== Segment start ==

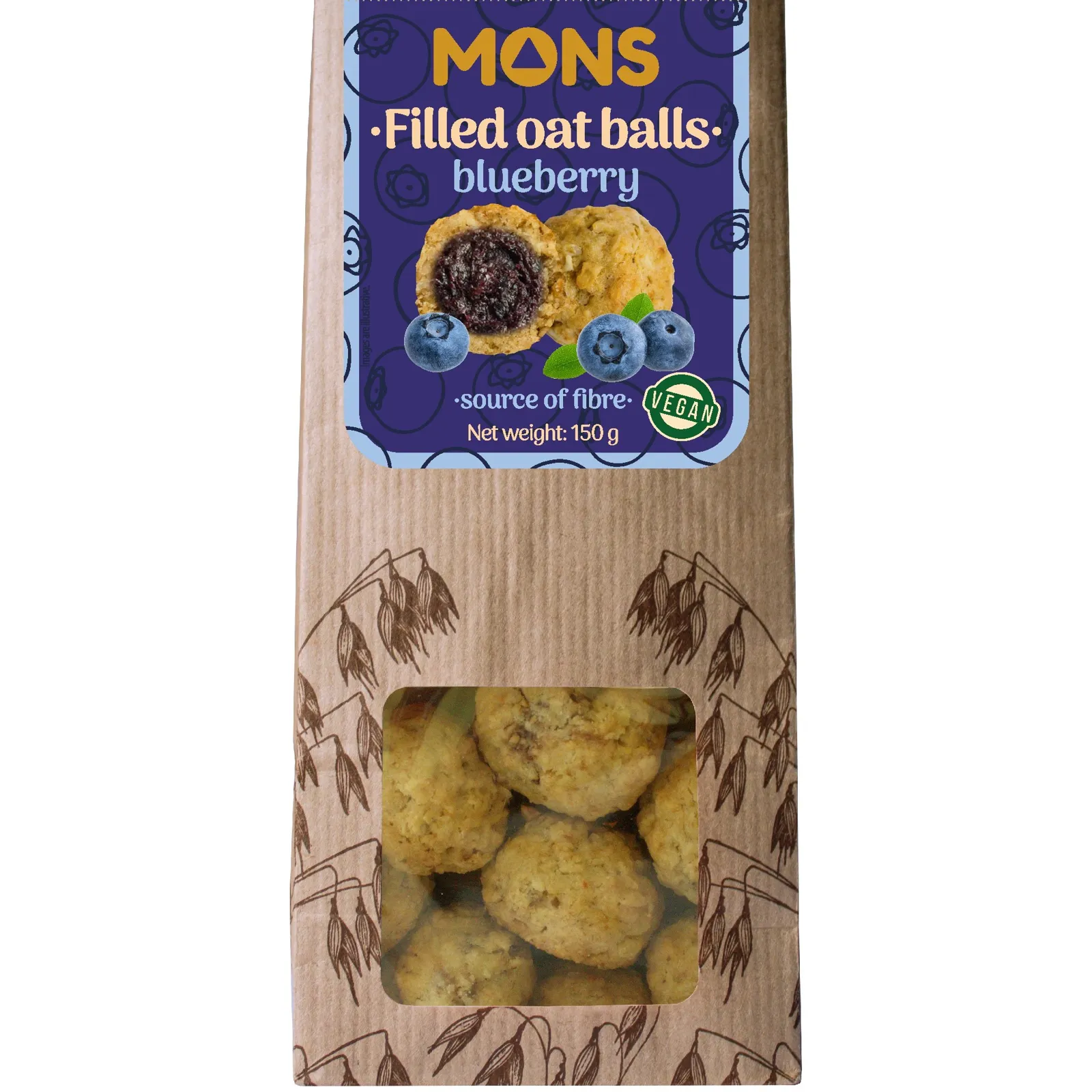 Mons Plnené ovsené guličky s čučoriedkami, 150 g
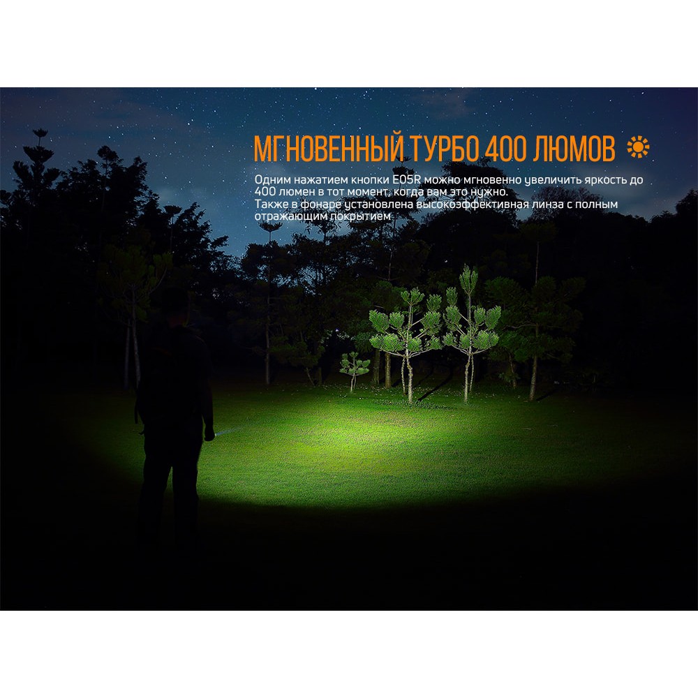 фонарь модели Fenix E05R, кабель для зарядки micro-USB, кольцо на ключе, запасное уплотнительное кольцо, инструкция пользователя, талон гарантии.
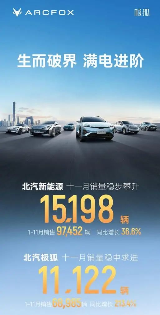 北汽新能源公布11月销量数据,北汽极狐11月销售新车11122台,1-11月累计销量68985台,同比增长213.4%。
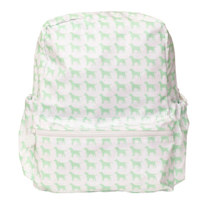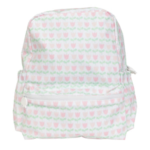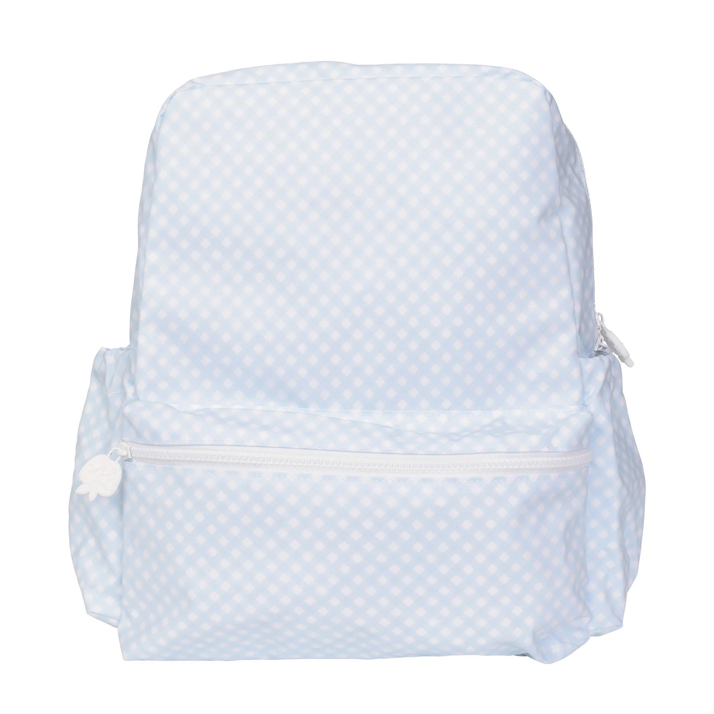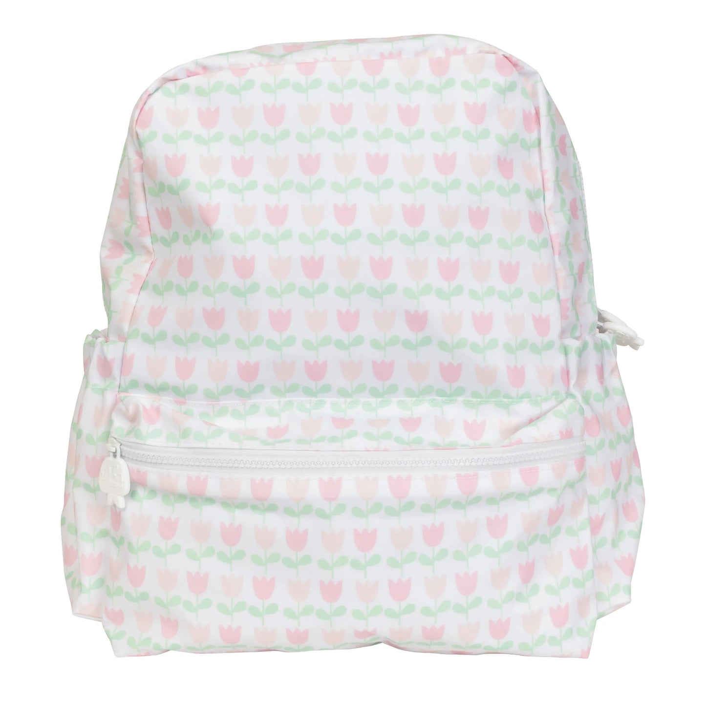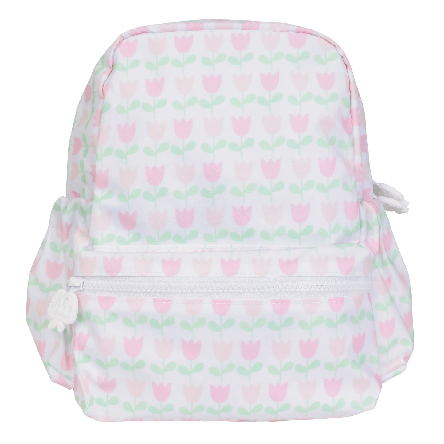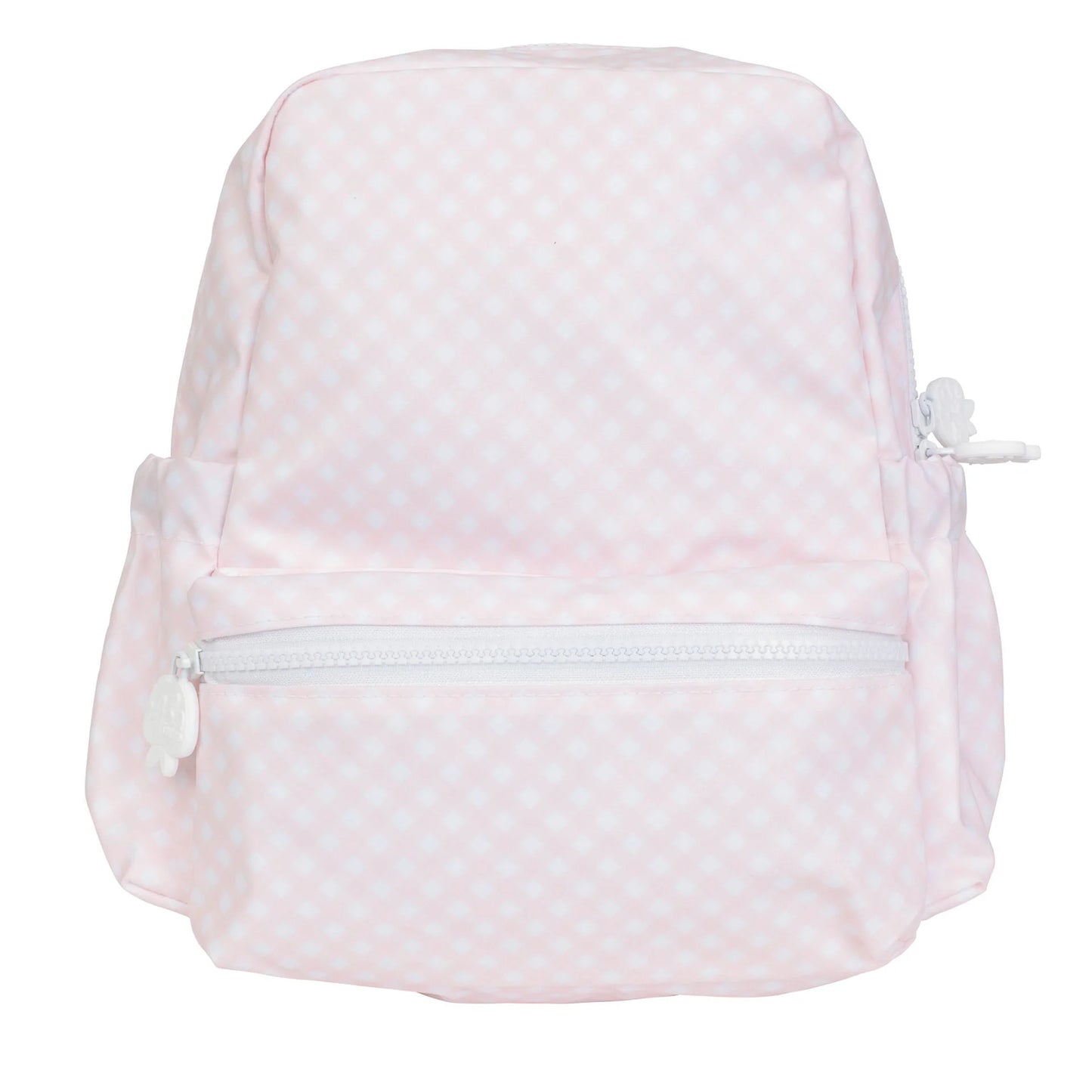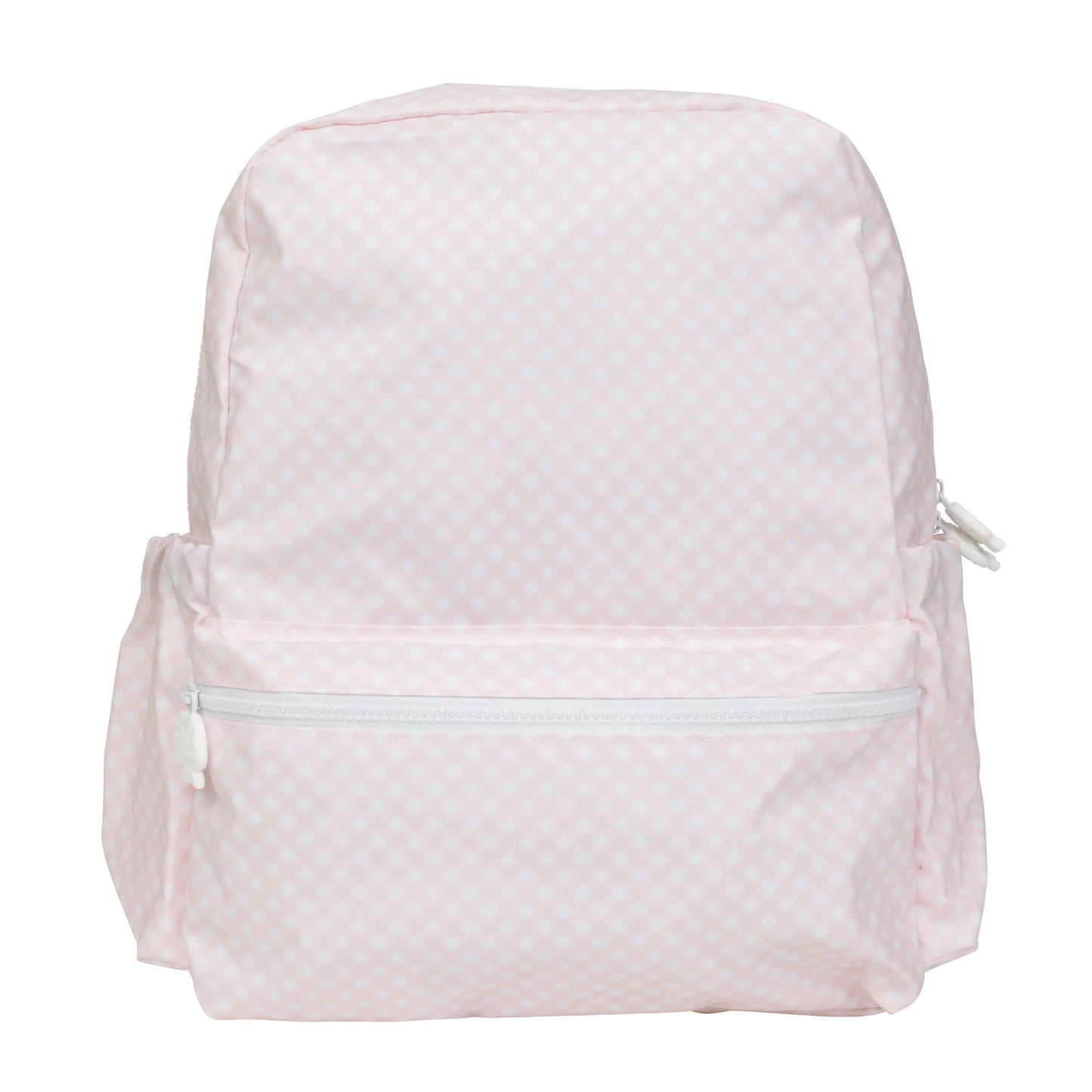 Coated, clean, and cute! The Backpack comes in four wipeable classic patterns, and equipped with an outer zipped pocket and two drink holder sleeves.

== Segment end ==

REQUIRED ACTION: Repeat the material above exactly; pictures do not belong in the copy.

WRITTEN RESPONSE:
 Mons Plnené ovsené guličky s čučoriedkami, 150 g
 фонарь модели Fenix E05R, кабель для зарядки micro-USB, кольцо на ключе, запасное уплотнительное кольцо, инструкция пользователя, талон гарантии.
 北汽新能源公布11月销量数据,北汽极狐11月销售新车11122台,1-11月累计销量68985台,同比增长213.4%。
 Coated, clean, and cute! The Backpack comes in four wipeable classic patterns, and equipped with an outer zipped pocket and two drink holder sleeves.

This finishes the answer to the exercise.